What can Berlin offer a player that Chicago can’t?
mainThe Chicago Symphony Orchestra and its conductor Riccardo Muti took a blow to their pride last night when principal flute Mathieu Dufour ended a period of prolonged vacillation by announcing he was leaving next month to join the Berlin Philharmonic.
Dufour is a central attraction of the Chicago band and his decision was greeted with some bafflement. He will probably earn less in Berlin where, aside from deep public subsidies, commercial and media fees have dried up. He will need to find a new home, new friends, new fans in a foreign language. And he will be moving from an orchestra with a powerful and charismatic music director to one with an open podium and no certainty of its future direction.
So why?
Mathieu is saying nothing.
As a Frenchman, formerly at the Paris Opéra, he may feel the tug of his home continent. As a cosmopolitan, he will embrace Berlin’s dazzling diversity. And as an artist, he is ever ready to take risks.

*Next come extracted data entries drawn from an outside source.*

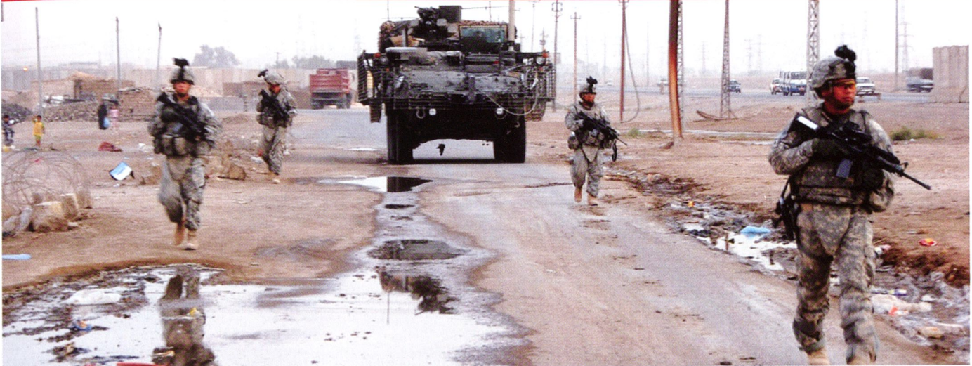
Progression d'une section de la 3 rd SBCT en Irak.

A la fin de 2005, avec 300 engins déployés en Irak depuis près de deux ans, des études ont déterminé la nécessité de remplacer ceux-ci par de nouveaux véhicules. Ces Stryker ont servi un an à la formation de nouvelles unités, puis ont été entièrement remis à neuf. Depuis 2006, une infrastructure de maintenance a été installée par General Dynamics Land Systems (GDLS) au Qatar. Chaque année, une centaine de véhicules y sont totalement démontés et remis à neuf, pour un coût annuel de 127 millions de dollars.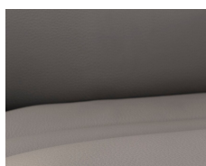
+ Collin læder *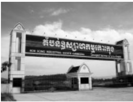
開発中のコココン工業団地

の選定中。④南部経済回廊の一部であるタイのトラート県とカンボジアのコックコンとスレオンバル地区を結ぶ一五二キロの道路(R48)改修工事(八億六七八〇万バーツ)・二〇〇三年七月五億六七八〇万バーツの融資契約、さらに二〇〇四年八月三億バーツの追加融資契約。四つの架橋に関してはグラント供与。現在建設中で二〇〇七年竣工予定。⑤南部経済回廊の一部であるタイのチョンサギヤムとカンボジアのアンロオンウェン、シエムリアップ間の道路(R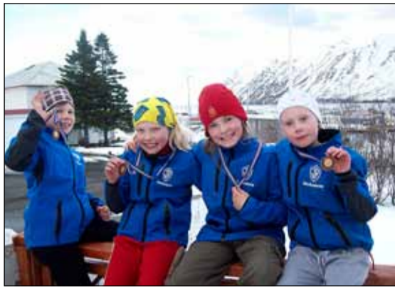
Ungar skíðakonur í ÍR.

Mótin hafa gengið ágætlega og höfum við allar bætt okkur eitthvað á heimlista en stefnan er sett miklu hærra og við höldum áfram að vinna að því á hverjum degi í dásamlegu umhverfi og félagskap.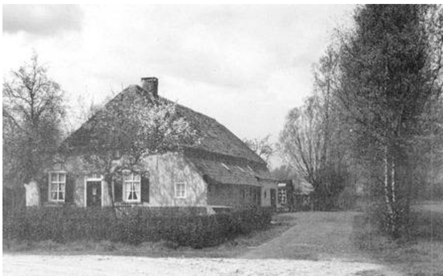
Een boerenbehuizing van een vroegere peelwerker/boer

De politiek, landbouworganisaties, het Ministerie van Landbouw, Provinciale Staten, alles werkte mee om de ontsluiting, ontginning en waterbeheersing te realiseren. We hebben nog steeds bewondering voor de initiatiefnemers die in betrekkelijk korte tijd goede resultaten wisten te bereiken. Doordat de boeren en andere plattelanders zelf die ontwikkeling voor een groot deel stuurden, is daar ook een zeer grote vorming van uitgegaan.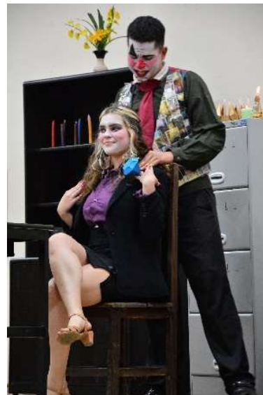
O Rei da Vela – Oswald de Andrade 3º Edi (2023)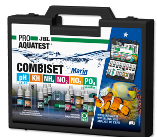
JBL PROAQUATEST COMBISET Marin Testkoffer für Wasseranalysen in Meerwasseraquarien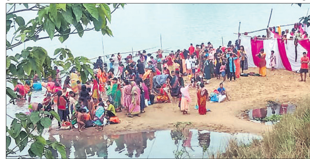
ଇନ୍ଦ୍ରପୁର ଘାଟରେ ଶ୍ରଦ୍ଧାଳୁମାନେ ବାରୁଣୀ ବୁଡ଼ ପକାଇଛନ୍ତି।

ବାରୁଣୀ ତିଥିରେ ବୁଡ଼ ପକାଇଲେ କୋଟିକର୍ମର ପାପକୁ ମୁକ୍ତି ମିଳିଥାଏ ବୋଲି ପ୍ରତ୍ୟେକ ଉଡ଼ିଆଳ ବିଶ୍ୱାସ ରହିଛି। କେନ୍ଦ୍ରାପଡ଼ା ଜିଲ୍ଲା କେନ୍ଦ୍ରାପଡ଼ା ବ୍ଲକ ଅନ୍ତର୍ଗତ ପ୍ରସିଦ୍ଧ ଇନ୍ଦ୍ରପୁର ବାରୁଣୀ ଯାତ୍ରା ରବିବାର ଆରମ୍ଭ ହୋଇଛି। ବିରୁପା, କେଲୁଆ, ବ୍ରାହ୍ମଣୀ ନଦୀର ସଙ୍ଗମସ୍ଥଳରେ ଶନିବାର ରାତି ୪ଟାରୁ ଅନୁଷ୍ଠିତ ହୋଇଥିଲା ବାରୁଣୀ ସ୍ନାନ। ଏଥିପାଇଁ ଜିଲ୍ଲା ସମେତ ବିଭିନ୍ନ ଜିଲାର ଶ୍ରଦ୍ଧାଳୁ ଇନ୍ଦ୍ରପୁର ଘାଟରେ ବୁଡ଼ ପକାଇଥିଲେ। ରବିବାର ସକାଳ ସାଢ଼େ ୬ଟା ପର୍ଯ୍ୟନ୍ତ ୨୦ ହଜାରରୁ ଊର୍ଦ୍ଧ୍ୱ ଶ୍ରଦ୍ଧାଳୁ ଏହି ଘାଟରେ ନିଜର ମାନସିକ ପୂରଣ ପାଇଁ ବୁଡ଼ ପକାଇଥିଲେ। ଏଥିସହ ବିବାହିତା ନବବଧୂକ ବିବାହ ପୁଣ୍ଡ, ପାଞ୍ଚ, ବଉଳପାଟ ନଦୀରେ ବିସର୍ଜନ କରାଯାଇଛି। ଘାଟକୂଳରେ ଭିକ୍ଷୁକମାନେ ପକାଇଥିବା ଚନ୍ଦରରେ ଶ୍ରଦ୍ଧାଳୁମାନଙ୍କ ଦ୍ୱାରା ଅରୁଆ ଚାଉଳ, ବିରି ଓ ଅର୍ଥ ପକାଇବା ପାଇଁ ଏକ ଲକ୍ଷଧାଡ଼ି ଲାଗି ରହିଥିଲା। ବିଶ୍ୱାସ ରହିଛି, ଘର ପରିଷ୍କାର ପୂର୍ଣ୍ଣ ହୁଏ। ନଦୀ ଘାଟରେ ଶ୍ରଦ୍ଧାଳୁଙ୍କ ଭିଡ଼କୁ ଲକ୍ଷ୍ୟକରି ଜଳ

He was, in any event, never the most settled member of the Chicago ensemble, having flitted off to Los Angeles for six months in 2009 when the CSO was between music directors. Appointed in 1999, Dufour belonged to the Barenboim era and never struck deep roots.
But his departure leaves Chicago with three big holes in the woodwinds – no principal flute from November, no principal bassoon since David McGill resigned in the summer and a big question over principal oboe Eugene Izotov who has successfully auditioned for the same post in San Francisco. Will he stay or, like Dufour, go?